OPINION:
If Congress does nothing, the cost of gasoline will drop 14 cents per gallon on Sept. 30. That not only would be a boon to consumers oppressed by hefty prices at the pump but also would go a long way toward ending one of Washington’s favorite accounting gimmicks.
The public is supposed to think the 18.4 cents tossed to Uncle Sam for every gallon of unleaded (24.4 cents for diesel) goes to roads and bridges. Fifty-five years ago, it was true that the 3-cent-per-gallon levy went directly into the concrete and steel that gave us the Interstate Highway System. The authorization for most of the current tax expires next month, and Americans for Tax Reform President Grover Norquist fears President Obama will use jobs as an excuse to boost this tax. “His plan is going to be the highway bill,” Mr. Norquist said in an editorial board meeting at The Washington Times. “Everyone wants highways, but you give them the money, they don’t build highways. They build everything but highways.”

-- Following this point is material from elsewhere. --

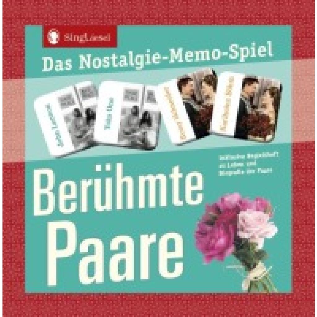 Berühmte Paare - Das Memo-Spiel für Senioren Jede Generation hat ihre eigenen Stars. In diesem Memo-Spiel für Senioren sind berühmte und beliebte Paare aus dem 20. Jahrhundert versammelt. Finden Sie bei diesem vergnüglichen Memo-Spiel den jeweiligen Partner, um das Paar zu vervollständigen. Von Scarlett O'Hara und Rhett Butler bis hin zu Yoko Ono und John Lennon. Das Nostalgie-Memo-Spiel ist das beliebte Gesellschaftsspiel für alle mit ein paar Jahrzehnten Lebenserfahrung. Die Memo-Spiele sind eine tolle Geschenk-Idee für Senioren. Auch für Menschen mit Demenz. Wie bei allen SingLiesel-Memo-Spielen mit einem umfassenden Begleitheft, das an die besonderen, schönen oder tragischen Momenten im Leben der Stars erinnert.

Out of the $29 billion in fuel-tax revenue collected this year, the Congressional Budget Office estimated $7.6 billion would be diverted into mass-transit projects. That is only part of the problem. One look at the Federal Highway Administration’s budget shows core spending priorities in the “highway” account frequently have nothing to do with highways. For example, the agency allocates $6.8 billion to a “livable communities” program designed to promote a leftist anything-but-the-automobile agenda. Another $8.9 billion will be blown on “environmental sustainability” schemes, and $2.5 billion will go to safety - that’s the code word for paying local cops overtime to set up speed traps and East German-style roadblocks.

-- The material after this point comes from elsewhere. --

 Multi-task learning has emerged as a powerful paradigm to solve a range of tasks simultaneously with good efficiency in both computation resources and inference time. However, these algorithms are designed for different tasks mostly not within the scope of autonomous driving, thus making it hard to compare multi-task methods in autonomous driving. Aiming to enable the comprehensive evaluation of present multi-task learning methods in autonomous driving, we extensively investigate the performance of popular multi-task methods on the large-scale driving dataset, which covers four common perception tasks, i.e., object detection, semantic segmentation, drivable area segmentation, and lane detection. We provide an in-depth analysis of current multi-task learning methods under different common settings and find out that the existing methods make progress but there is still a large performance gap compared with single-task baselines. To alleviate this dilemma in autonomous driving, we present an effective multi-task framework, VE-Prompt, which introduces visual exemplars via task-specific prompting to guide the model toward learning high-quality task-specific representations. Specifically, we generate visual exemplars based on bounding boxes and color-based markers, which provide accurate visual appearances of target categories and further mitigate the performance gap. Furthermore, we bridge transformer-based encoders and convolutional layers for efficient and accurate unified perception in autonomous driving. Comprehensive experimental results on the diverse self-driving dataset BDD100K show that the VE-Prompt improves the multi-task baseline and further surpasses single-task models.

Mr. Norquist thinks it would be smarter to have the states, not the federal government, take care of their own road funding. “We have a federal gas tax, and money comes from Kansas to Washington, and then some of it goes back to Kansas,” he said. “What goes back to Kansas comes back with Davis-Bacon attached to it, which raises the cost of building 25 percent.” The Davis-Bacon law links federal mandates, including expensive union-sized wage requirements, to transportation projects. Sen. Tom Coburn, Oklahoma Republican, and Rep. Jeff Flake, Arizona Republican, introduced legislation that would allow state transportation departments to opt out of the federal gas tax so they can manage their own roads without the feds skimming off the top and adding strings.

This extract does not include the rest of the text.